Literature Search and Data Extraction

A database was generated that included articles retrieved for the previous guideline and those resulting from a series of four MEDLINE^® searches beginning in December 2002 and concluding in June 2005. The searches were limited to papers involving human subjects and published in the English language on or after 1990 which included the MeSH term "female." The MeSH headings used were "urinary incontinence, stress," "stress incontinence" and "urinary incontinence" in any field. A total of 7,111 citations and abstracts were reviewed for relevance by the panel chairs, of which 1,302 citations entered the extraction process. Panel members extracted data from the articles which were then entered into a Microsoft Access^® (Microsoft, Redmond, WA) database. In person and via conference calls, the Panel collectively reviewed the extracted data. A total of 436 articles were suitable for inclusion in the meta–analysis; an additional 155 articles were deemed suitable only for their complications data due to an insufficient follow–up duration for the efficacy outcomes analysis.

Evidence Combination

To generate outcomes tables, estimates of the probabilities and/or magnitudes of the outcomes are required for each intervention. Ideally, these come from a synthesis or combination of the evidence. Combination can be performed in a variety of ways depending on the nature and quality of the evidence. For this guideline, the panel used the confidence profile method,^{8, 9} which provides methods for meta–analyzing data from studies that are not randomized controlled trials (RCTs). Meta–analysis was performed using the Fast*Pro software to combine individual arms from controlled trials and clinical series where similar patients were similarly treated. Although a number of RCTs were found through the literature search, there were insufficient numbers on any one topic to warrant an independent meta–analysis of RCTs. The results of certain trials are discussed where relevant. Frequently, published series used in a combined analysis showed very divergent results implying site–to–site variations, variability in patient populations, in the performance of the intervention, the skill of the surgeon or normal statistical variation. Given these differences, a random–effects, or hierarchical, model was used to combine the studies.

Patient Groups

While stratifying outcomes based on patient characteristics such as type of incontinence, previous treatment(s), presence of prolapse, prior pregnancy and severity of incontinence would be most instructive, in most cases the outcomes data were not fully or consistently identified by these criteria. Therefore, analysis was limited to two patient groups; one in which no patient received concomitant surgical treatment for prolapse (comparable to the previous guideline) and another in which some or all patients received concomitant treatment for prolapse.
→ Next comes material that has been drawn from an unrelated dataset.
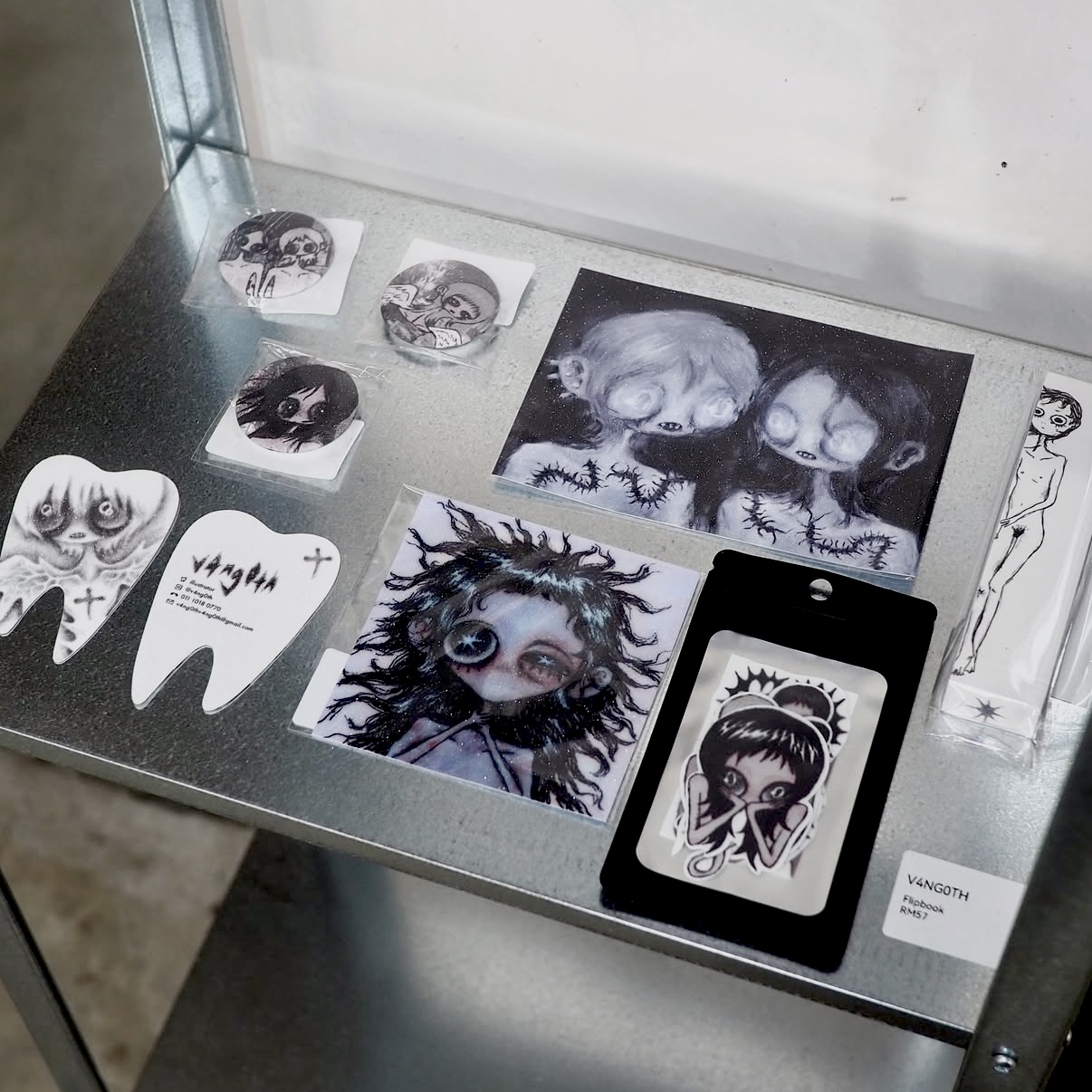Merchandise: Clothings (tank tops, tshirts, long sleeves), live drawing (will be drawing customers and making them into keychains on the spot), plushies, stickers, prints, accessories (necklaces, rings, keychains)

Very few published studies included all of the SUI patients receiving concomitant prolapse treatment, therefore, the analysis was based mainly on data from studies that included some patients with prolapse treatment. This did not permit a clear distinction to be made between these groups in the analysis. An attempt to stratify the outcomes of SUI surgical interventions by the presence of prolapse was thwarted by insufficient data since few published studies stratified results in this manner.

Efficacy Analysis

The efficacy outcomes analyzed included two levels of continence: cured/dry and cured/dry/improved; these are reported percentages and credible intervals (Bayesian confidence intervals [CIs]). Allocation to the previously mentioned categories was determined by author definition of continence. For the analysis of postoperative urgency, patients were divided into three categories: without pre–existing urgency, with pre–existing urgency, and unknown or uncertain pre–existing urgency. Postoperative urgency categories included urge incontinence, urge symptoms and unspecified. Again, the results are reported as the percent of the relevant patient group having each outcome. Abbreviated tables summarizing the cured/dry and resolution or urge incontinence for the time interval of 12–23 months for patients with or without concurrent prolapse treatment are provided with this document (see Tables 1–3); for a complete set of data tables see Appendices A7–A16.

Complications

Complications were analyzed similarly to the efficacy outcomes. However, because of the wide variety of ways authors name and describe complications, the panel attempted to group complications together that represented the same or related outcomes. As discussed in Chapter 2, this could result in some inaccuracies in the resultant estimates. Appendix A–17 shows how the panel grouped outcomes. Certain complication outcomes such as pain and de novo urgency were tabulated as defined by the author, and no further analysis was performed based upon the limitations of data reporting. After grouping the complications for analysis, the grouped complications were then put into general categories for display and discussion. Outcomes tables were developed for each group of complications. Separate tables were again created for patients with and without prolapse treatment. The format of the tables is the same as the efficacy tables. An abbreviated table summarizing retention data for patients with or without concurrent prolapse treatment is provided with this document (see Table 4); for a complete set of data tables see Appendices A7–A16.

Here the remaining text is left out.